25
Mar
09

because of a movie.

today i felt a little silly. i let a movie get to me and tug on my emotions. i cried watching a movie for the first time in a long time [really, if ever, i don't remember ever crying because of a movie before].

anyway, the movie wasn’t really what caused me to cry. it wasn’t any sort of special/headlining moving, but i saw a preview a while back and thought, ryan philippe & channing tatum can’t be too bad. well, having not really thought of it since then, i just wrote it off as a movie i wouldn’t see.

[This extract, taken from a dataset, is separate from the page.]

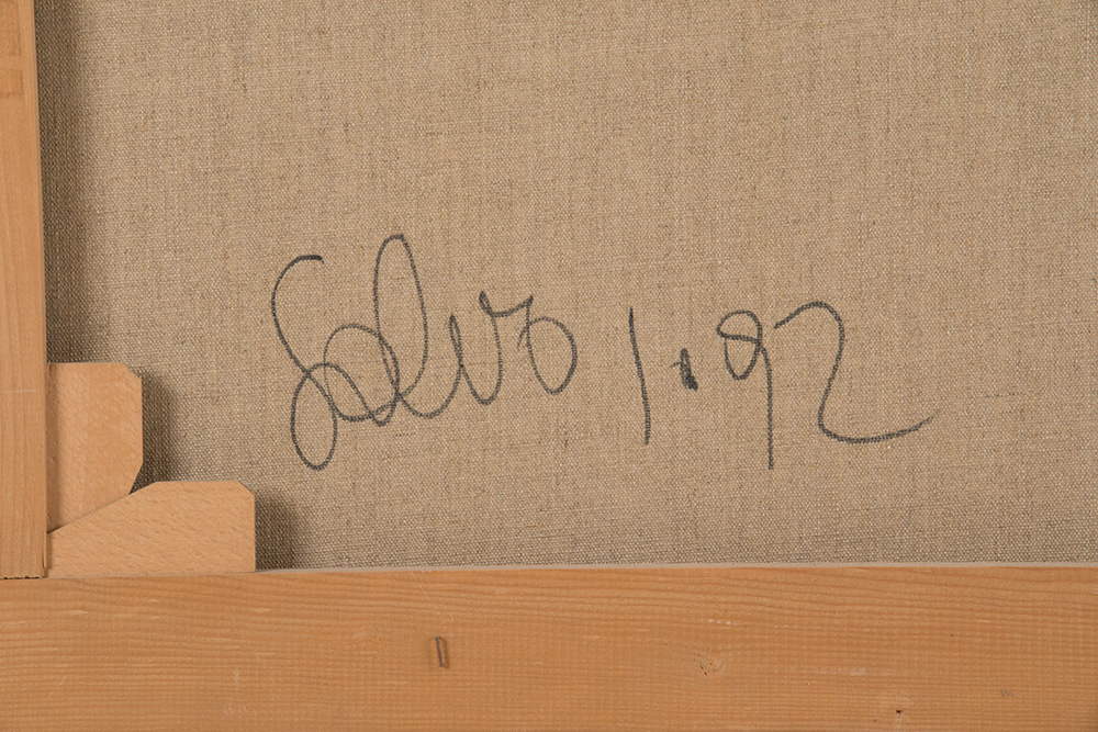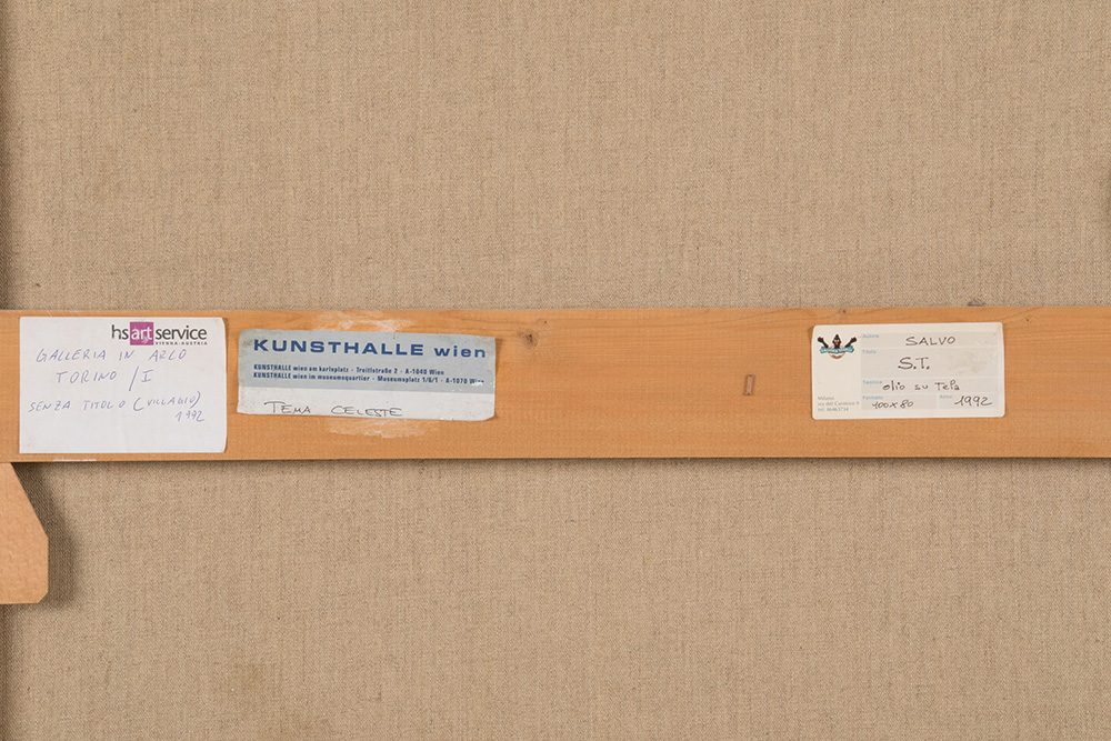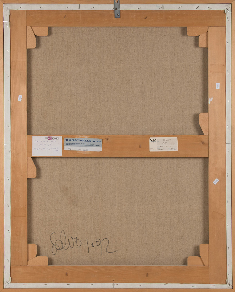 Salvo (1947-2015), Senza titolo, 1992 olio su tela, cm 100x80 firmato e datato al retro Etichetta al retro della Galleria In Arco, Torino Etichetta al retro della Galleria Toselli, Milano Autentica su fotografia dell’artista Opera registrata presso l’Archivio Salvo, Torino, con il n. S1992-14 Provenienza: Galleria In Arco, Torino, ivi acquistato dall’attuale proprietario Esposizioni: Kunsthalle Wien L’opera si presenta in buono stato conservativo

then this year SJ & i got netflix. and in the scanning of movies that they had to offer, this one popped in my memory as being a movie that looked interesting. so i added it.  in the realization that everyone will be gone this week, and i should take advantage of netflix, i pushed some of the movies i’d been wanting to see to the top of the list.

putting in the movie this afternoon, i didn’t think anything of it. an action filled story with a love twist, and a tough lesson to be taught. that is what this movie held, but i guess for me it stirred up more.

it made me think of nathan.

it made me think of john, aaron, erik and so many others that i’ve not even known other than hearing their names that have been or are currently there.

it was heartbreaking. the realization that people are just not the same after being there. there is this fear that more can be lost.

remembering the heartbreaking hurt of losing nathan.

i remember the feeling of telling lisa at the wrestling match of what happened, how i stumbled over my words, not knowing how to say it, but knowing that she needed to know. i hated that feeling. i remember being uncertain of what to do.